Net Debt declined $19.4 million during the third quarter of 2012 to $305.2 million. The Net Leverage Ratio (Net Debt / EBITDA), as calculated in the Company's Credit Agreement, improved to 2.5x at August 31, 2012, compared to 3.1x on November 30, 2011 (see Table D). Year-to-date, Net Debt has decreased by $51.3million.

Discontinued Operations

As part of the Company's strategy to focus on businesses with greater global growth potential, the Company has divested its commercial wallcovering businesses.

On December 12, 2011, the Company completed the sale of its North American commercial wallcovering business and received cash of $10.0 million along with the potential for future royalty payments. Early in the second quarter of 2012, the Company divested its U.K.-based wallcovering business for approximately $6.2 million in cash and notes.

These businesses were classified as discontinued operations at the end of 2011.

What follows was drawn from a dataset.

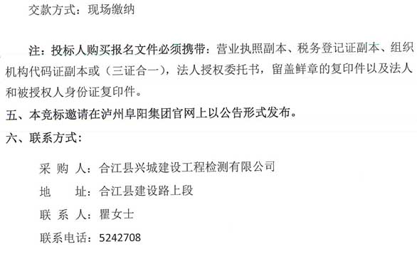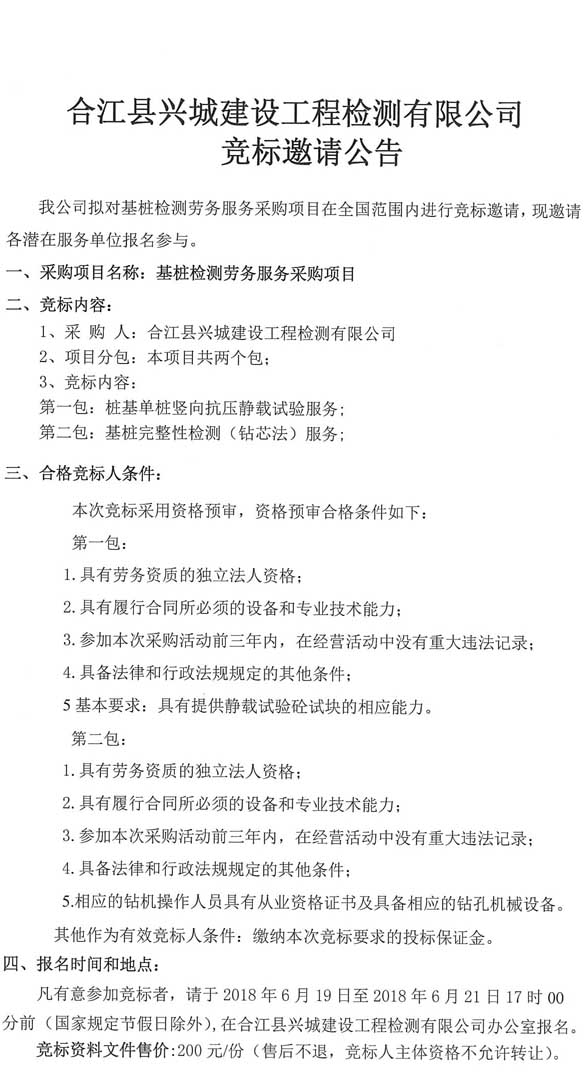 邀标公告:合江县兴城建设工程检测有限公司竞标邀请公告

Performance Chemicals Third Quarter 2012 Results

Net sales during the third quarter of 2012 decreased $33.5 million, or 13.3%, to $218.7million, compared to $252.2 million in the third quarter of 2011. Sales decreased due to reduced pricing of $15.6 million, or 6.2%, volume declines of $10.4 million, or 4.1%, and unfavorable foreign currency translation effects of $7.5 million, or 3.0%. In the third quarter of 2012, Performance Chemicals generated higher Adjusted Segment Operating Profit of $22.0 million, compared to Adjusted Segment Operating Profit of $19.8million in the third quarter of 2011 (see Table A). Adjusted Segment Operating Profit improved primarily due to a favorable sales mix and lower raw material costs partially offset by lower pricing. The Adjusted Segment Operating Profit margin was 10.1% for the third quarter of 2012, compared to an Adjusted Segment Operating Profit margin of 7.9% in the third quarter of 2011. Year-to-date, Performance Chemicals Adjusted Segment Operating Profit was $71.1 million as compared to $68.8 million for the same period in 2011.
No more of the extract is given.